Eat for respiratory resilience
It is widely agreed that eating a healthy diet can be one of your body's first lines of defence against illness. It is understandable that many people currently, would like to know what they can do to support their body's natural defences against illness in general.
It is still early days in understanding this new coronavirus, so finding natural therapies that might help the body's natural defences against this virus specifically are limited. However, we do know that it is a virus which mainly affects the respiratory tract. We also know that it impacts the elderly and immunosuppressed most severely - ageing is one of the critical risk factors in reacting gravely to the infection.
It is associated with an impaired immune system and low-grade systemic inflammation due to nutrient deficiencies. As such, eating foods to build respiratory resilience and supporting longevity may be an essential prevention strategy against viral respiratory diseases.
Here are the critical nutrients identified in scientific evidence which support the immune health of your respiratory tract:
- Zinc: Zinc has been shown to have antiviral activity and is active with both acute (short term severe) and chronic (long term moderate) viral infections. Studies show that once symptoms start, those who take zinc within 24 hours are more likely to recover quicker.
The elderly are less likely to have adequate levels of meaning; their defences against viral infections are not as strong. Zinc supplementation is relatively safe, and it is worth considering to prevent more severe illness in those who are vulnerable.
- Vitamin C: Increasing vitamin C in people who are infected with a virus has been shown to shorten the duration of the illness and prevent further complications. In China, studies are investigating the effect of high dose vitamin C in severe COVID-19 cases. The patients who were given high dose vitamin C vs. those who weren't had better outcomes. If you develop symptoms consider supplementing with vitamin C or eat vitamin C enriched foods such as pepper, kiwi fruit and broccoli.

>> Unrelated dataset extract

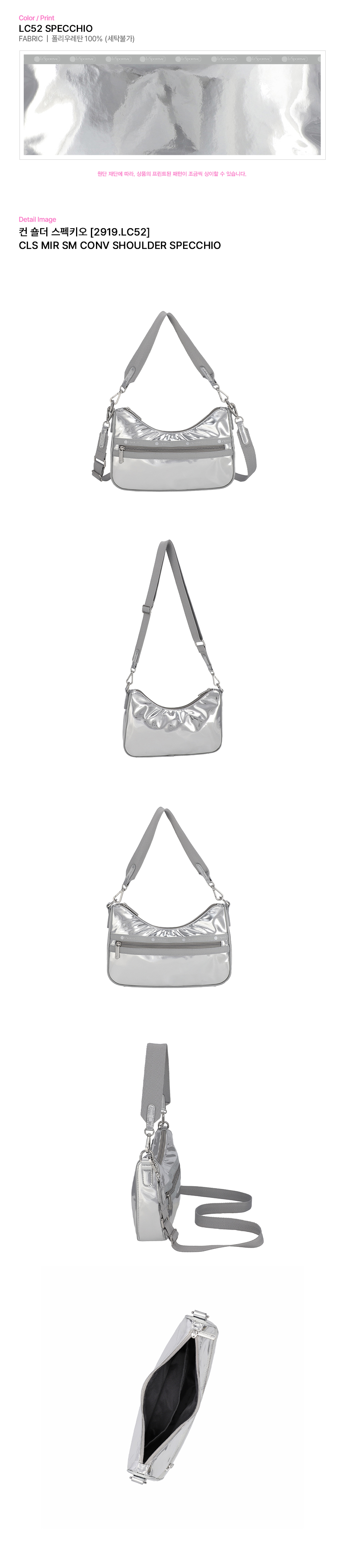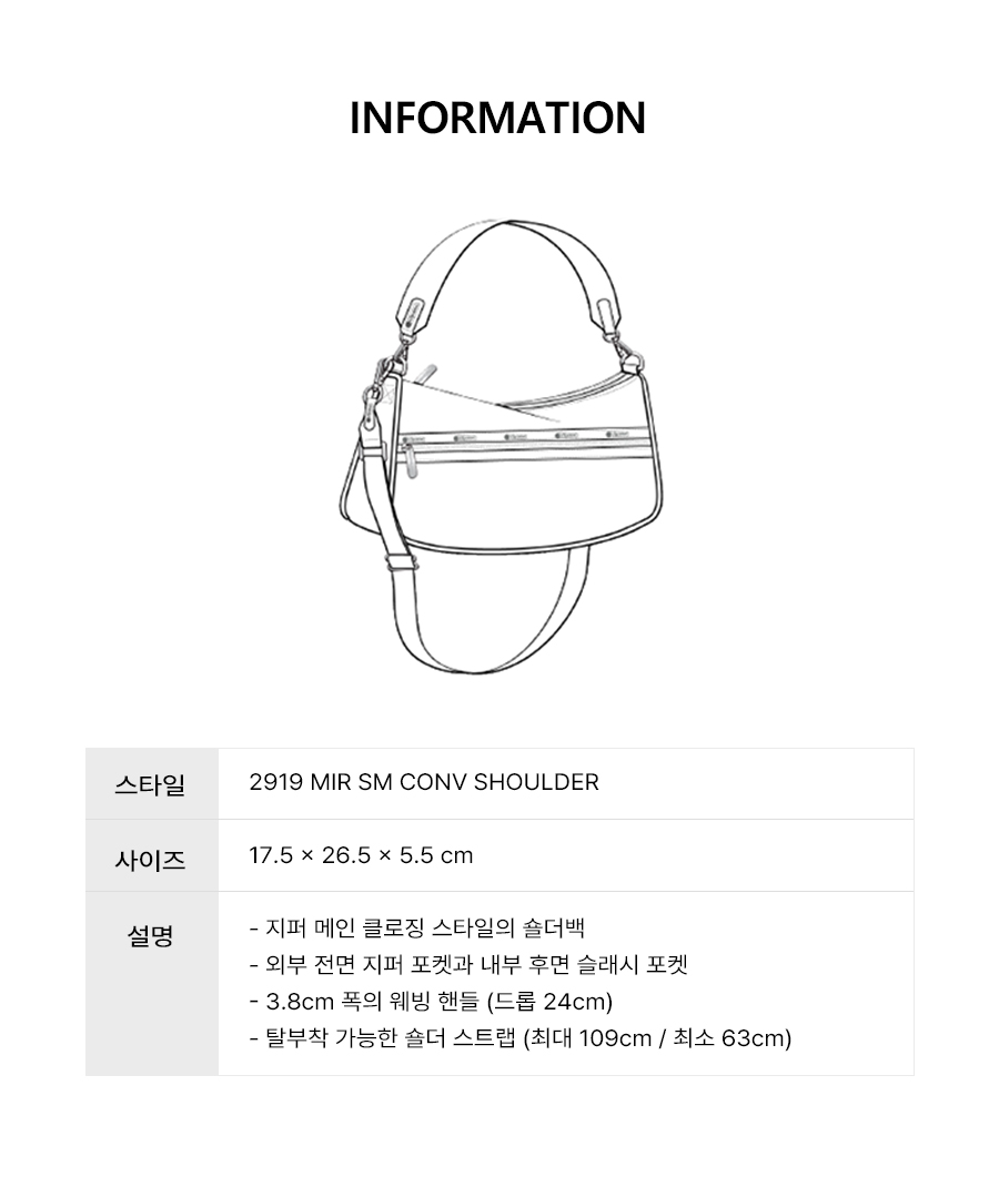 - 지퍼 메인 클로징 스타일의 숄더백 - 외부 전면 지퍼 포켓과 내부 후면 슬래시 포켓 - 3.8cm 폭의 웨빙 핸들 (드롭 24cm) - 탈부착 가능한 숄더 스트랩 (최대 109cm / 최소 63cm)

- N-Acetylcysteine (NAC): The evidence to support NAC's effect on bolstering the immune system and its antiviral impacts are limited. However, NAC's effect on the body may help prevent the severe onset of viral diseases such as pneumonia. A study involving influenza demonstrated NAC's ability to inhibit viral replication and stop the recruitment or inflammatory molecule called cytokines, which can cause more damage to the respiratory tract and lungs. NAC may also help repair any damage caused by the immune response to the virus. As NAC can become corrosive in the body at high doses, it is best to work with a health practitioner to decide on the right dosage for you, if needed.

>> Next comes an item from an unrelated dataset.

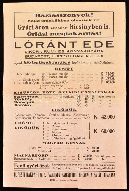 Lóránt Ede Likőr- Rum- és Konyakgyárának különféle termékeinek árjegyz... https://www.darabanth.com/de/444-Fernauktion/444.0/Kunst-Dokumente-andere-Sammelgebiete/Werbungen~500028/Lorant-Ede-Likor-Rum-es-Konyakgyaranak-kulonfele-termekeinek-arjegyzeke-hatoldalan-~II2930462

- Vitamin A: There has been some controversy with vitamin A, as its effects are dependent on a person's vitamin A status. In those with nutrient deficiencies increasing vitamin A consumption does support the immune response. However, in those who already have optimal levels of vitamin A, increasing levels of vitamin A can suppress the immune system, so you are more exposed to an attack from a viral pathogen. As such, it is best to consume vitamin A enriched foods through the diet, which comprise organ meat (liver), orange and yellow vegetables, and dried apricots.
Eating to protect yourself against respiratory tract infections is a great way to maintain overall health and wellbeing. Rather than focusing on immune-boosting and getting carried away buying every antioxidant and antimicrobial, you can get your hands on, start simple.
Increase colourful vegetables and fruit in the diet, eat more healthy fats and eat nutrient-dense foods such as organ meats and shellfish to reset and build a resilient and healthy body that is durable for any provocation.